My journey begins in a piece of modeling software called OpenSCAD. OpenSCAD is a program that lets the user define mathematical objects in a code-like interface that allows for extreme precision. So something like this:
Turns into this:
After taking measurements from the Raspberry Pi, I started to build my model. I took the measurements and created a hollow cube that could fit the Raspberry Pi inside. I had to retake measurements several times during the process, as I ran into additional ideas on how to construct the case.
As I started to print prototype pieces to determine if I had good tolerances for my models, I found that the clips that I had decided to use to connect the pieces of the case together were a bit too small for the printer that I was using. Each of the six copies of the model I was using were “globby”, the plastic was sticking together and bunching up in places, so the models came out stretched at odd angles and with additional plastic in uneccessary places.
I had to redesign my model for the clips into something that would print at the size I was looking for without losing a lot of detail. I ended up with a pretty simple model.
This model printed pretty well, and also provided simpler paramaterization for the other parts of the model and interacting with the clips.
The designs of the top and bottom parts of the case went through several revisions as I decided on what I wanted to do with connectors. The top part of the case ended up being a cube with a lot of smaller cubes subtracted from it, as well as several clip models subtracted.
In the case of the bottom part, I built it with the clips in mind. The bottom half of the case has a lip on the lower side of it for the clips to attach to. I think that there might be a more elegant way to attach the clips to the model, and make the model have a smaller profile for fitting into whatever the Raspberry Pi is being attached to.

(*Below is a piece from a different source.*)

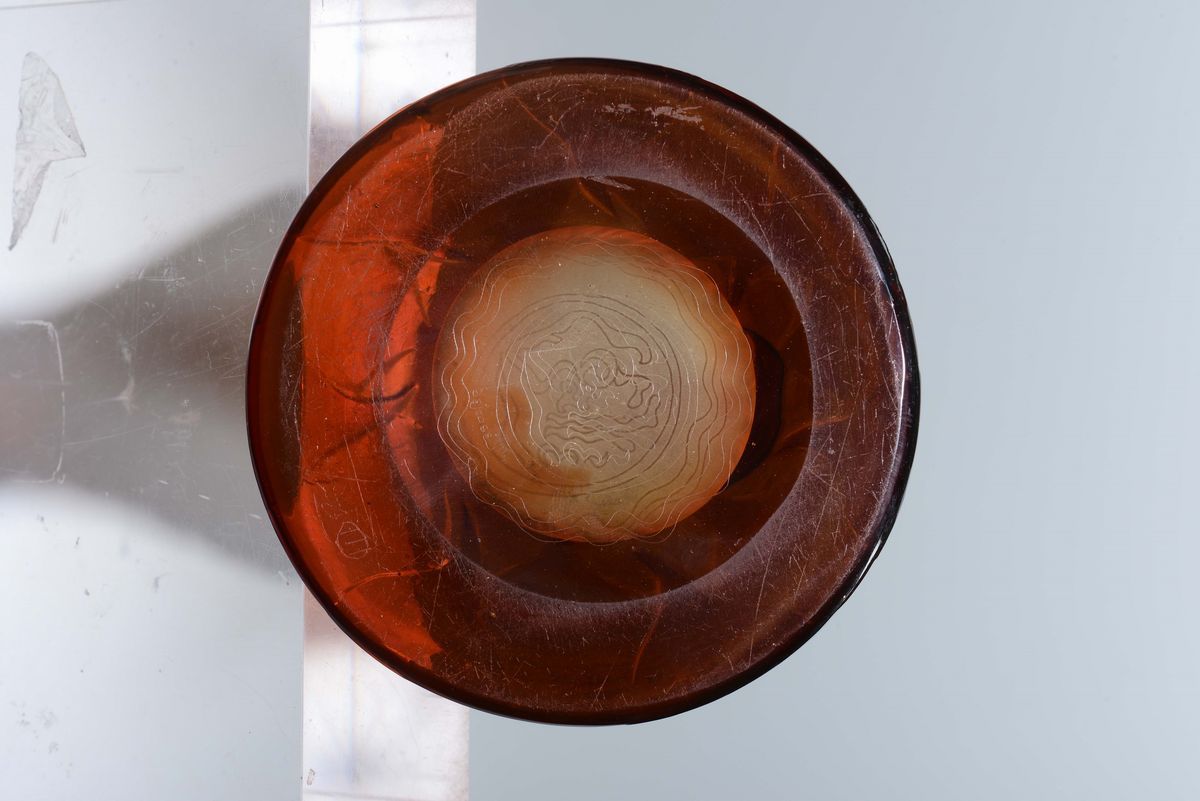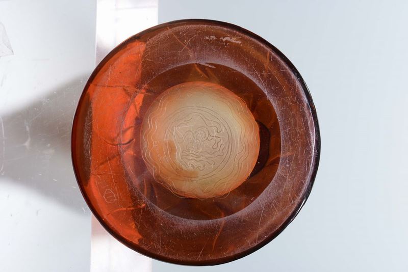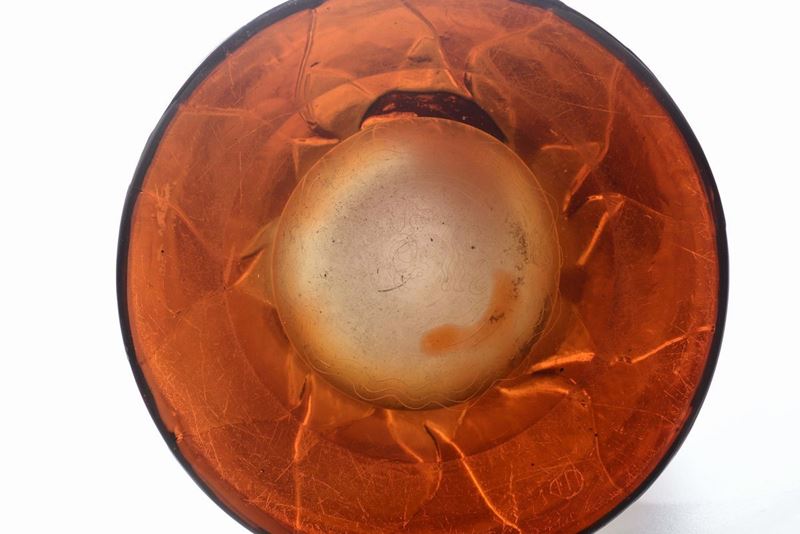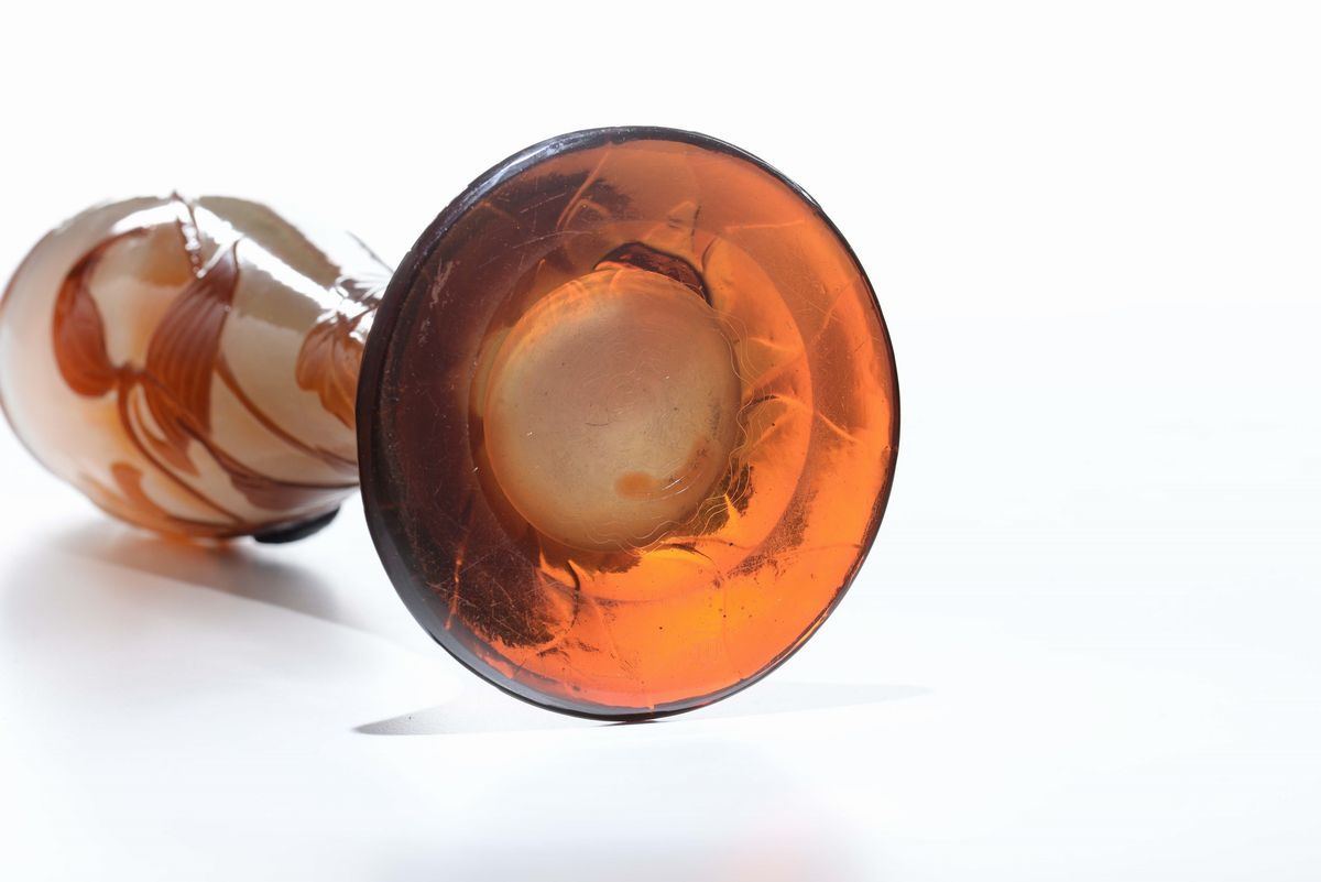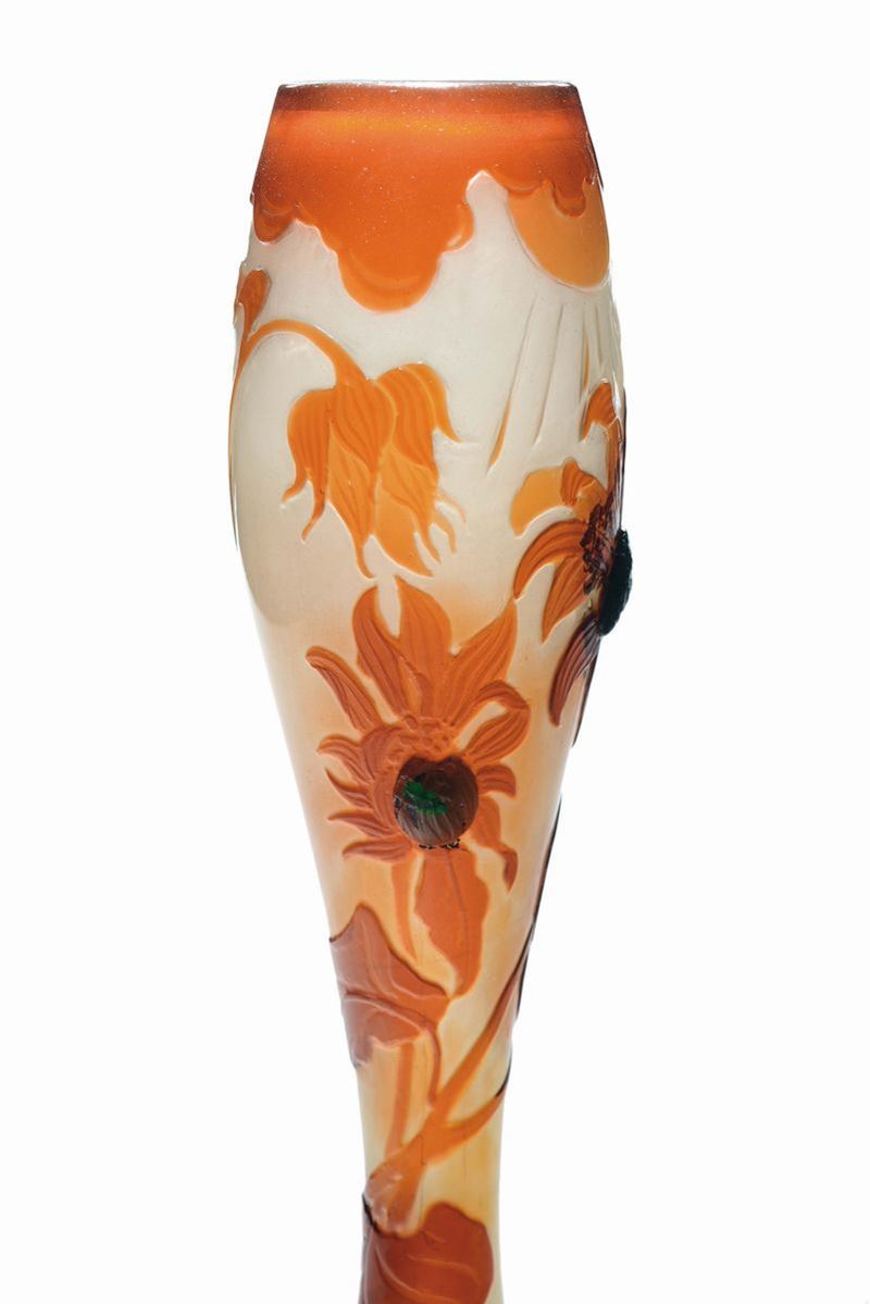 Vaso a balaustro in vetro lattimo doppiato in vetro ocra; lavorazione a cammeo alla ruota con raffinato decoro floreale e applicazione a caldo di cabochons. Elaborata firma incisa sotto la base. Altezza cm 34. 1880 circa

On review of the work I have done on this project, I believe that I could refine the end product with experimentation and additional time spent on the project. I think that there are a variety of ergonomic features that I ended up skipping due to time constraints that, if I had the opportunity to expand on this project in the future that I would definitely include. As it stands, the case will protect the Raspberry Pi from damage, but has no allowances for ventilation or visual design. I think that above all, were I to do this project again, I would seek out additional resources for the design of the case. When I started this project, I did not a library of tools for modeling in OpenSCAD, and I think that starting from a stronger point would definitely help me add to the success of the final model.